Mahle's modified VW is being used to test the new downsized engine technology.

A German manufacturer best known for its heavy duty truck engine components could re-write the rules when it comes to passenger car powertrains.  The company is the Mahle Group, and it’s presently showing off a “demonstration vehicle” with an experimental   three-cylinder 1.2-liter single turbocharged gasoline engine that promises to meet very tough emission regulations while maintaining performance in mid-sized cars.

Based in Stuttgart, Germany, Mahle entered the U.S. market some 40 years ago supplying aluminum pistons for heavy duty truck engines.  Mahle last month opened its American headquarters and R & D facility in Farmington Hills, Michigan, in Detroit’s western suburbs.

The German company’s powertrain subsidiary is barnstorming its experimental car, dubbed a “downsizing demonstration vehicle,” to U.S. vehicle manufacturers with the objective of gaining research—not engine-production—contracts.  But longer-term its design could provide the industry a significant alternative to conventional engine designs.

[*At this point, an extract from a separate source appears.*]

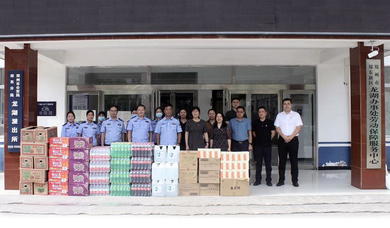 進(jìn)入“七下八上”防汛關(guān)鍵期以來,鄭州雨量明顯增多,防汛工作成為當(dāng)前關(guān)系人民生命財產(chǎn)安全和社會大局穩(wěn)定的一件重要任務(wù)。為切實(shí)做好防汛救災(zāi)工作,加強(qiáng)安全穩(wěn)定共建聯(lián)建,8月3日下午,在黨委委員張華的帶領(lǐng)下,集團(tuán)深入轄區(qū)龍湖派出所開展“警民情 一家親 心連心”慰問活動,向汛期堅(jiān)守一線的公安干警送去深切關(guān)懷與慰問。集團(tuán)信訪、黨群、辦公室代表及大通公司主要領(lǐng)導(dǎo)參加了本次活動。
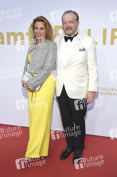 Alexander Fürst zu Schaumburg-Lippe mit Ehefrau Mahkameh Navabi Fürstin zu Schaumburg-Lippe bei der amfAR Gala 2025 anlässlich der Salzburger Festspiele 2025 in der Residenz. Salzburg, 24.08.2025

Two views of Mahle's engine prototype.

Mahle manufactures many engine components such as connecting rods, heads, camshafts, cylinder sleeves, etc. in plants around the world.  It’s been a Tier One supplier to European automakers, including Mercedes and BMW and is showing off its demo vehicle wrapped in a VW Passat wagon model not marketed in the U.S.

The powertrain in the demo vehicle is fully operational, designed to meet all presently known government regulations, based on the European test cycle – though that is different from the testing employed by America’s EPA.

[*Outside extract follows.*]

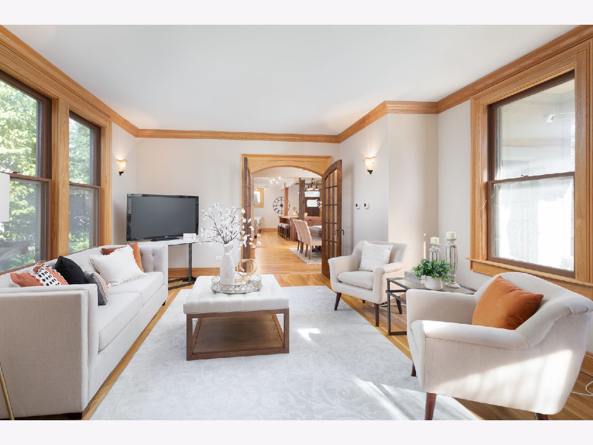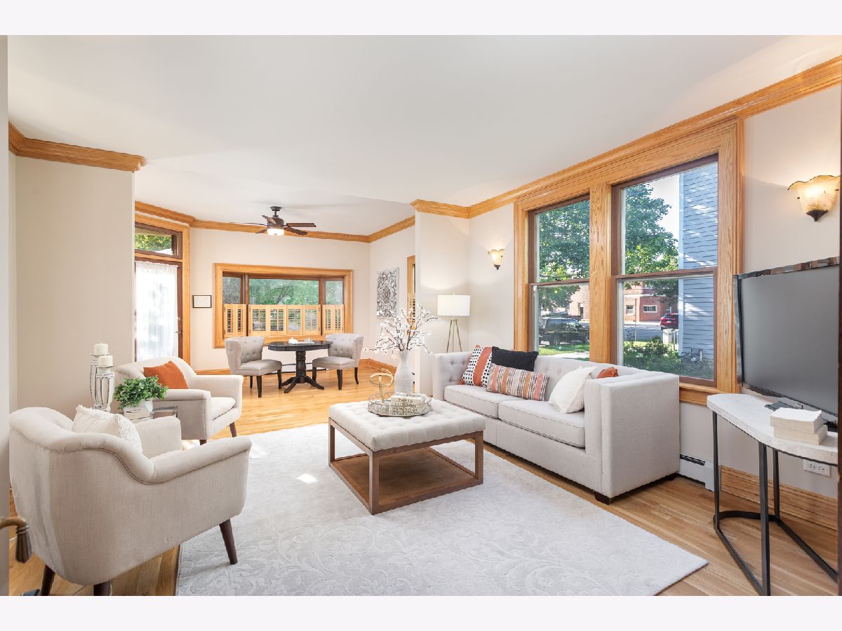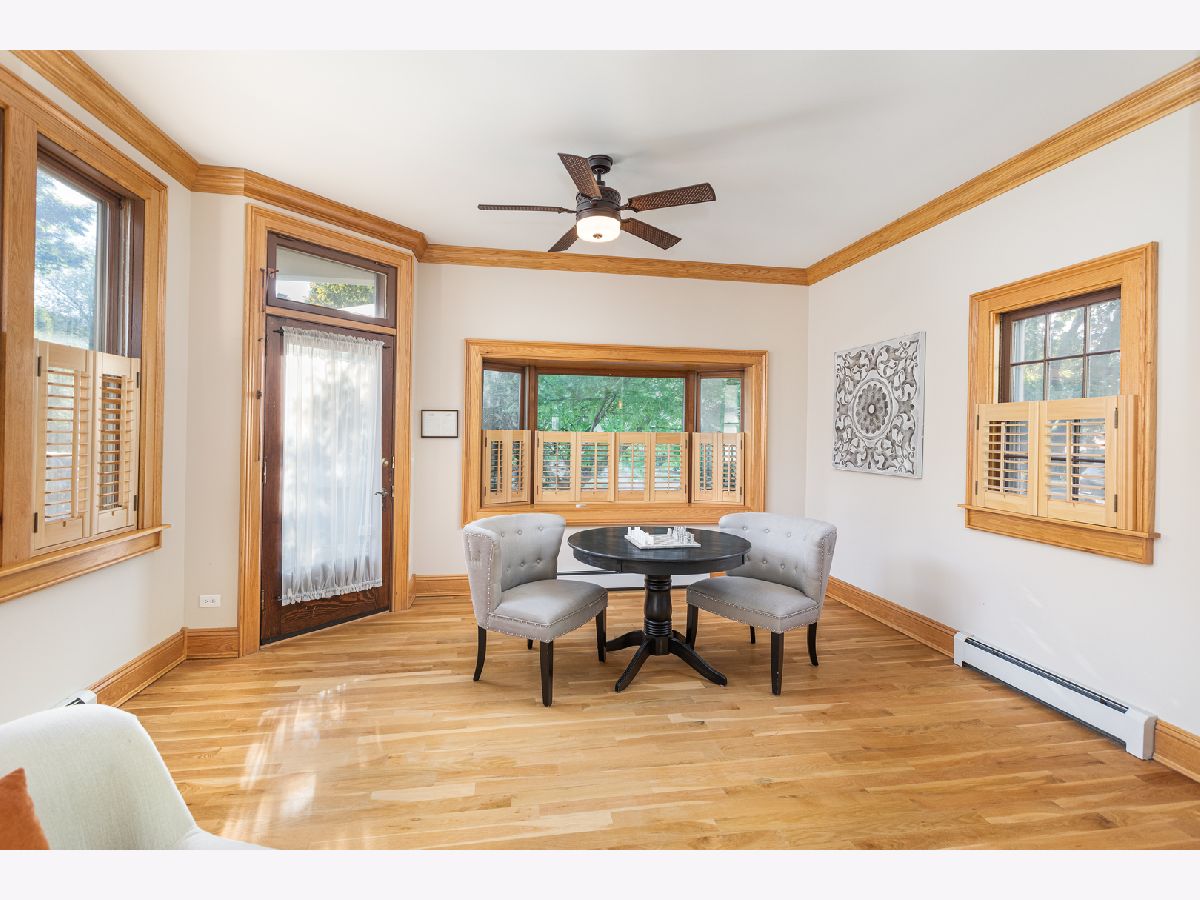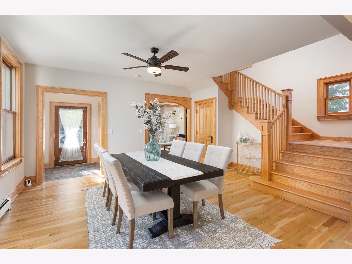 This home beautifully merges modern amenities with vintage appeal, and it is just a short walk from the train, downtown Naperville, and schools. Originally built in1860, this approx. 2,300 sf, 3-bedroom, 2 full bath home was completely remodeled, with an addition, in 2014. The homeowners repurposed wood beams and accents from the original structure to create a fresh take on living in the Historical District of downtown Naperville. Light infuses the vaulted kitchen through two skylights which are controlled with a remote and sensors that will automatically close them if it starts to rain. The kitchen also boasts a large butcher block island, an elegant copper farm sink, updated appliances, and reclaimed brick around the stove. The hearth room off the kitchen is a perfect place to relax or entertain. The fireplace is nestled in a reclaimed brick wall and features a wood beam mantle that was once part of the original home. The kitchen and the recently added first floor full bath have radiant flooring. Large windows and doorways allow light to flow throughout the first floor, creating an open space. Arched French doors can separate the dining room from the living room and family room if desired. Beautiful wood floors run throughout both floors of the home, and a wide staircase takes you to the second floor. Each of the three bedrooms on this level has handcrafted barn beam closet doors, and the third bedroom has a built-in Murphy bed. The full bath has reclaimed wood accents, a copper soaking tub, a copper sink, slate tile flooring, and a large walk-in shower. The skylights over the tub infuse the room with natural light. The second floor laundry room has a newer washer and dryer. Gain approximately 2,000 sf with the four-car, heated and cooled, detached garage. Once the woodshop of the owner, the approx. 1,000sf upstairs space has innumerable possibilities, from guest quarters to office space to billiard room. The 12 year-old garage has a separate furnace and air conditioner, and is just steps from the house. Repurposed doors create the backdrop for the storage space located in the back entryway of the home. The yard is low maintenance and enhanced by a meandering limestone path that connects the front yard to the back. The roof and hardie board siding were all new with the renovation, as is the high-end, high-efficiency boiler system that heats the house and radiant flooring. There are two furnaces and air conditioners in the house, along with the furnace and air conditioner in the garage. The basement is unfinished and has walkout cellar doors. This home is a beautiful blend of modern amenities and history, and it is close to the train and all the wonderful attractions downtown Naperville has to offer. Welcome home!

But while the numbers might change a bit when put through the U.S. test cycle, the tiny engine has been able to deliver 163 horsepower with outstanding highway driving torque, producing 40-plus mpg in Euro highway cycle fuel economy (5.8 liters per 100 km) with a 30% reduction (to 135 grams per km) in carbon dioxide output.

Bernie Porter, a technical specialist at Mahle’s Powertrain operations, describes this Mahle engine as a logical next step from what Ford Motor Company has done with its 1.0-liter Ecoboost engine that will be added to the U.S. Fiesta option list for 2014.  Mahle Powertrain compares this engine in the 3,500-lb. Passat with either the current 1.8-liter or 2-liter VW gasoline engines.

Among other powertrain products under development at Mahle is a 2-cylinder “compact range-extender” for hybrid and battery-electric vehicles.  According to Mahle Powertrain, field research shows the typical motorist’s driving patterns do not require all the battery capacity typically specified in today’s juicers.   The range-extender is designed to optimize this discovery in order to downsize batteries, thus reducing cost.

This Mahle plug-in development is designed to work in a “C-sized” vehicle such as Camry, Accord, Fusion or Malibu.  Again, the marketing effort by the German company is aimed at securing research contracts at this state of the development.  Later it might evolve into component production deals.

Incidentally, Mahle recently completed the acquisition of 51% of another major German manufacturing company, Behr.  It has a joint venture with Bosch, among other such cooperative operations, all internally financed.